→ **ACTIVITY**:
Everything from the line with "A Ghostly Goth" to the last line of the listing must be retyped exactly, both ends included, with the pictures dropped.

→ **DATA SEGMENT**:
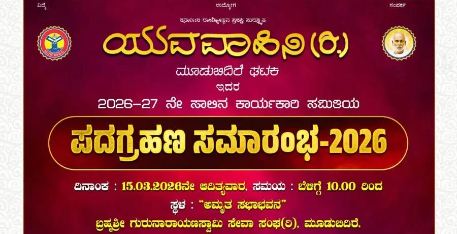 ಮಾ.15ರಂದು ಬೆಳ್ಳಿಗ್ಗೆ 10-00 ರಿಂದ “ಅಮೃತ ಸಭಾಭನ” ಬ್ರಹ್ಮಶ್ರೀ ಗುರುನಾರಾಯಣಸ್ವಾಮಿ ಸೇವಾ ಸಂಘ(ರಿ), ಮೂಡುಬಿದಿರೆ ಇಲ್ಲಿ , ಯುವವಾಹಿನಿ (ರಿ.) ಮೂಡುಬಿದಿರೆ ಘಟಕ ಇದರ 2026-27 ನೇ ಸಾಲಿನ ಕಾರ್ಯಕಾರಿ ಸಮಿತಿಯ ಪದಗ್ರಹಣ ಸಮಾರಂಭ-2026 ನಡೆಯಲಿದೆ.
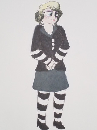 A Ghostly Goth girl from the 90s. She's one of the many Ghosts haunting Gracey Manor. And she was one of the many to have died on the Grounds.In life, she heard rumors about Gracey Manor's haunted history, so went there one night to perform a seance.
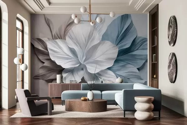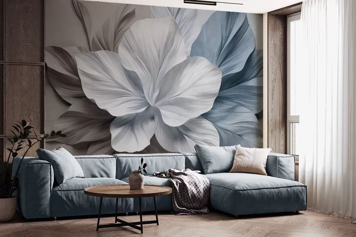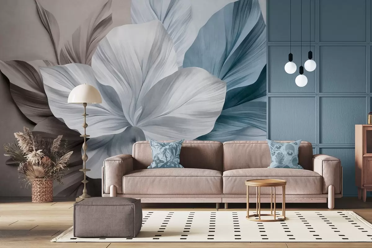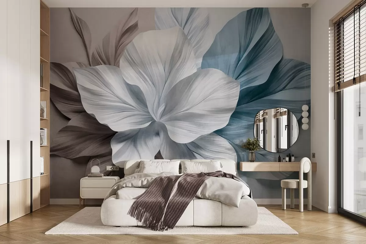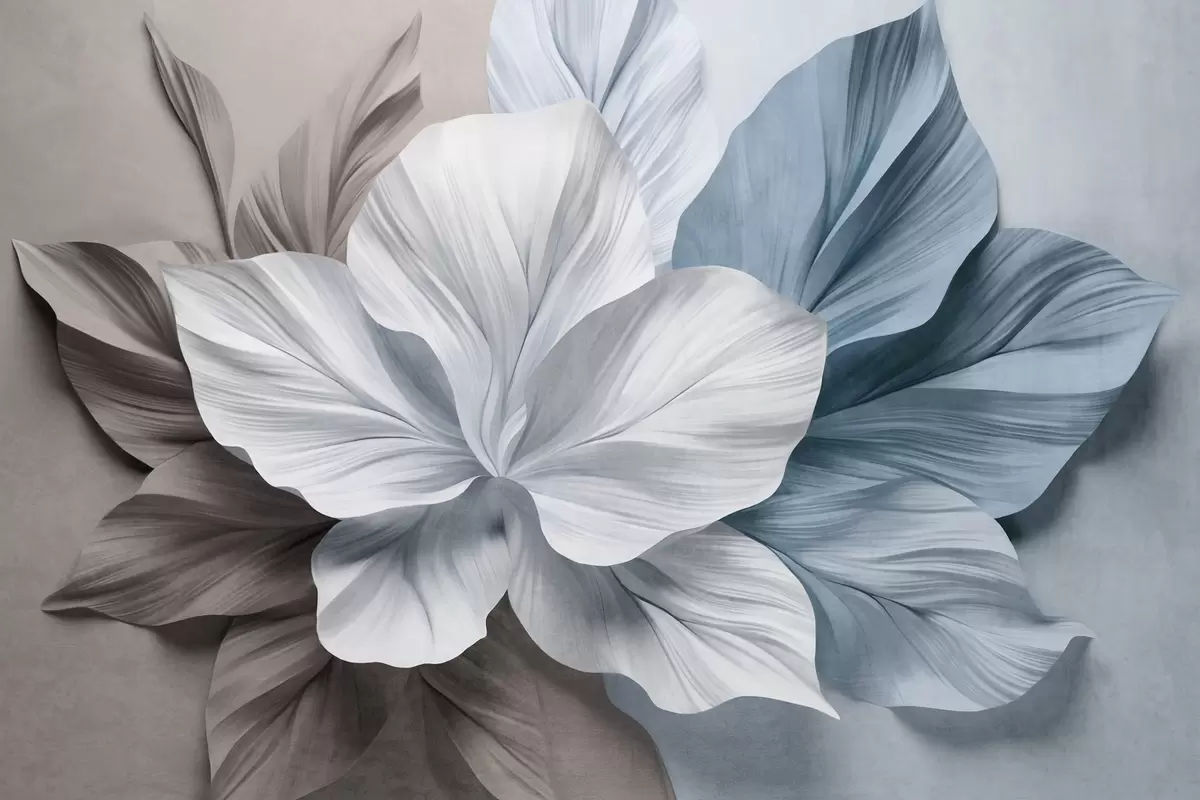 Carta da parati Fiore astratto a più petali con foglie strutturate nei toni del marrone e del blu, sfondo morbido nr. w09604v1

→ **TASK RESULT**:
 A Ghostly Goth girl from the 90s. She's one of the many Ghosts haunting Gracey Manor. And she was one of the many to have died on the Grounds.In life, she heard rumors about Gracey Manor's haunted history, so went there one night to perform a seance.
 Carta da parati Fiore astratto a più petali con foglie strutturate nei toni del marrone e del blu, sfondo morbido nr. w09604v1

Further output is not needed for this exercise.